Страница 14 из 42
К своему инвентарю атлет Иван Павлинов потребовал небольших добавлений — полтора десятка жженых кирпичей, второе ведро с водой и большой таз. Я доставил ему все это и стал в дверях, пропуская зрителей, взимая с каждого по двугривенному.
Очень скоро зал наполнился до отказа, и началось представление. Первая половина состояла из упражнений с гирями. Могу свидетельствовать, что это были настоящие двухпудовые гири, без всякой липы. Артист работал на совесть, мускулы, бугристо вздувавшиеся на его руках и ногах под темной кожей, были настоящие мускулы, и кровь, приливавшая к лицу от напряжения, была настоящая кровь. Он высоко подбрасывал гирю и ловил на грудь или на спину. Я заметил, как он ловко приседал, чтобы смягчить удар. Приседал, а все-таки покряхтывал. Потом четверо дюжих зрителей, по два с каждой стороны, изгибали полосовое железо на его шее. Заканчивалась первая половина представления разбитием кирпичей на голове атлета — вот для чего нужна была ему кувалда. Когда все полтора десятка кирпичей были разбиты, я объявил антракт.

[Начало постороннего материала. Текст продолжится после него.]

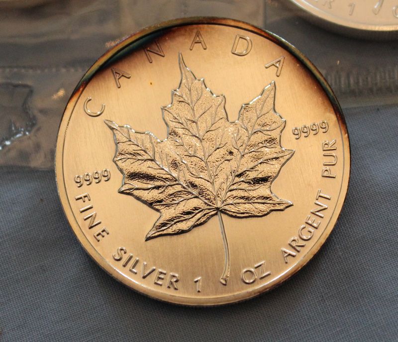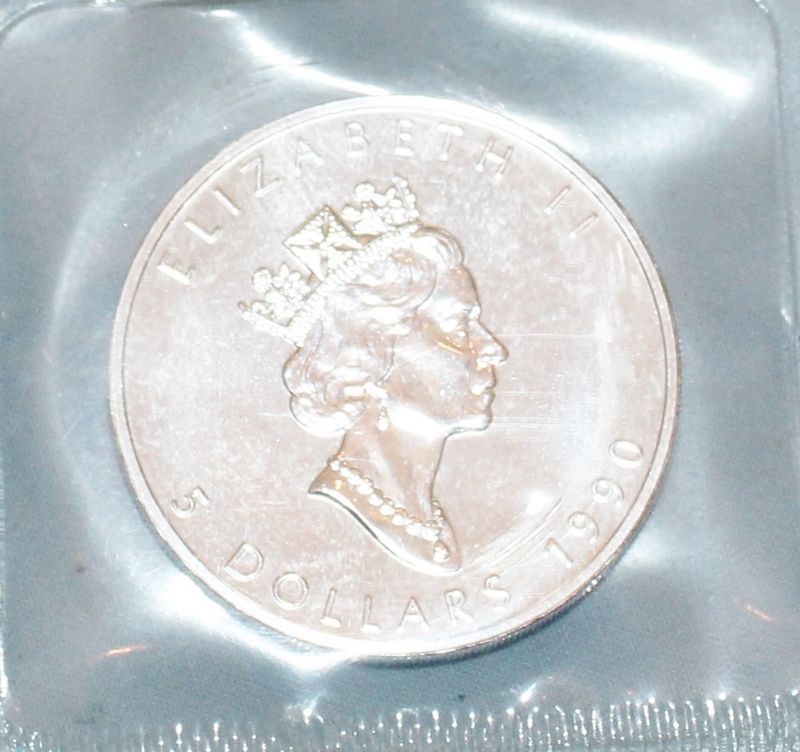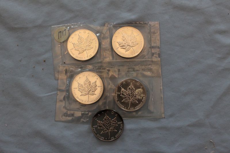 Five Canadian silver 5 dollar coins, each 1 ounce of .9999 silver including three 1988, a 1989 and a 1990. Four are sealed in packaging and appear to be uncirculated. Shipping is available for this item.

Занавеса не было, кулис тоже не было, мы с атлетом ушли в маленькую комнату, примыкающую справа к подмосткам.
— Устали? — сочувственно спросил я.
— Это что! — ответил он. — Вот второе отделение очень трудное для меня.
С этими словами он зачерпнул из ведра большую миску воды и выпил. Зачерпнул вторую и выпил. Передохнув немного, выпил третью миску и произнес загадочные слова:
— Меньше ведра никак нельзя. Брюхо растягивается, болит потом. Главное дело, они там в животе шевелятся, возятся, а ты, как хочешь, терпи.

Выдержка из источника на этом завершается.